Message handlers still missing. Testing routines for inclusion
in package still missing.
NOTE: Also created an ebuild (installation script) for the Gentoo
distribution.
MPICH2 is an all-new implementation of MPI from the group at Argonne
National Laboratory. It shares many goals with the original MPICH but
no actual code. It is a portable, high-performance implementation of
the entire MPI-2 standard. This release has all MPI-2 functions and
features required by the standard with the exception of support for the
"external32" portable I/O format.
Major enhancements:
A new program, dtop, allows the user to run top across multiple machines
and collate the results in real-time.
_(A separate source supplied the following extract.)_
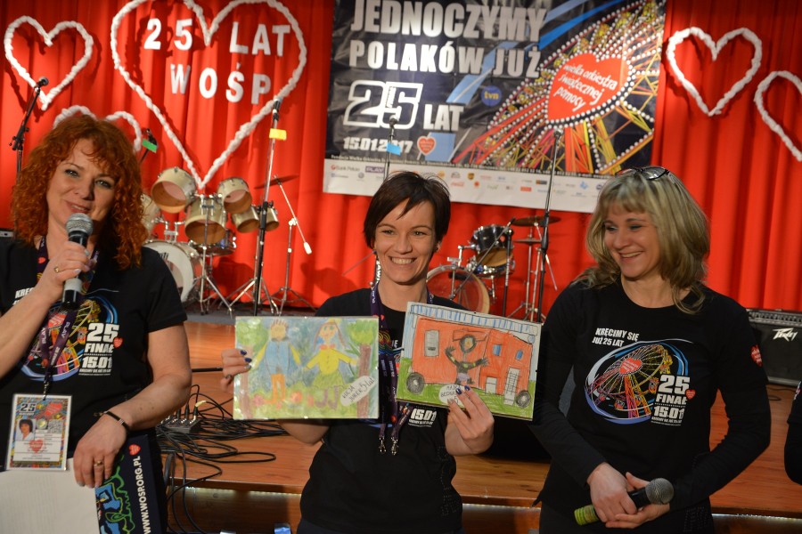 Serdeczne podziękowania wszystkim wolontariuszom zbierającym na terenie całej Gminy Potęgowo, a więc dzieciom i młodzieży z Zespołu Szkół w Potęgowie, Zespołu Szkół w Łupawie, nauczycielom oraz opiekunom wymienionych jednostek Paniom Iwonie Górskiej i Monice Klimczyk, a także osobom prywatnym: Pani Joannie Celban, Michałowi Knasiowi, Pani Zofii Szóstakiewicz, Tomaszowi Wasylko, Remigiuszowi Ciuńczykowi, Elżbiecie Szczepańskiej oraz najmłodszym wolontariuszom tegorocznego finału: Frankowi Wasylko, Julii Marchewka, Oli i Julii Socha. Dziękujemy wszystkim sponsorom, dzięki którym mogliśmy zorganizować tegoroczny finał, ofiarodawcom wrzucającym datki do puszek oraz biorącym udział w licytacjach, zespołom, grupom kabaretowym, solistom występującym podczas tegorocznego finału, dzieciom, młodzieży i dorosłym oraz instruktorom, opiekunom i nauczycielom, dzięki którym wszyscy uczestnicy tegorocznej zbiórki mieli możliwość obejrzeć przepiękne występny. Za umożliwienie zbadania ciśnienia tętniczego oraz poziomu cukru we krwi dziękujemy doktorowi Cezaremu Zielewskiemu oraz pani Krystynie Wielgus - za wykonywanie tych badań. Finałowe podsumowanie puszek możliwe było dzięki: Paniom Elżbiecie Szczepańskiej, Barbarze Tutak, Jolancie Straszak, rodzinie Pradlików - Agnieszce, Aleksandrze i Robertowi, którzy wytrwale, do późnych godzin nocnych liczyli zebrane pieniądze. Dziękujemy im za ciężką pracę. Serdecznie dziękujemy Wójtowi Gminy Potęgowo Panu Dawidowi Litwinowi za udostępnienie transportu na tegoroczny finał, strażakom z OSP w Potęgowie za czuwanie nad naszym bezpieczeństwem, akustykom- panom Adamowi Wrońskiemu i Maciejowi Basiakowi; za pracę w sklepiku panu Tomaszowi Wasylko, Państwu Emilii i Arkowi Damaszk, pani Elżbiecie Kędra; pani Marcie Rutkiewicz, panu Jakubowi Rutkiewicz i panu Władysławowi Rutkiewicz- Nikorowicz oraz animatorom z "Pałacu pod Bocianim Gniazdem" w Runowie za organizację tańców animacyjnych dla dzieci. Serdeczne podziękowania za współprowadzenie dzisiejszej imprezy pani Izabeli Zielińskiej i Izabeli Marchewce, pomagającym: Justynie Wasylko, Karolinie Czerwińskiej, Kamili Młynarczyk, Beacie Lemek, Krzysztofowi Marchewce, Magdalenie Semak, Michałowi Czerwińskiemu, Sylwii Szyca.

The default remote commands have
been changed over to ssh from rsh. A test option has been added to all
commands to check if SSH is up and running before attempting an SSH
connection that might otherwise hang. A flag has been added to dsh
allowing the user to copy, execute, and delete a script on all machines
in one step. There are many other small bugfixes and enhancements.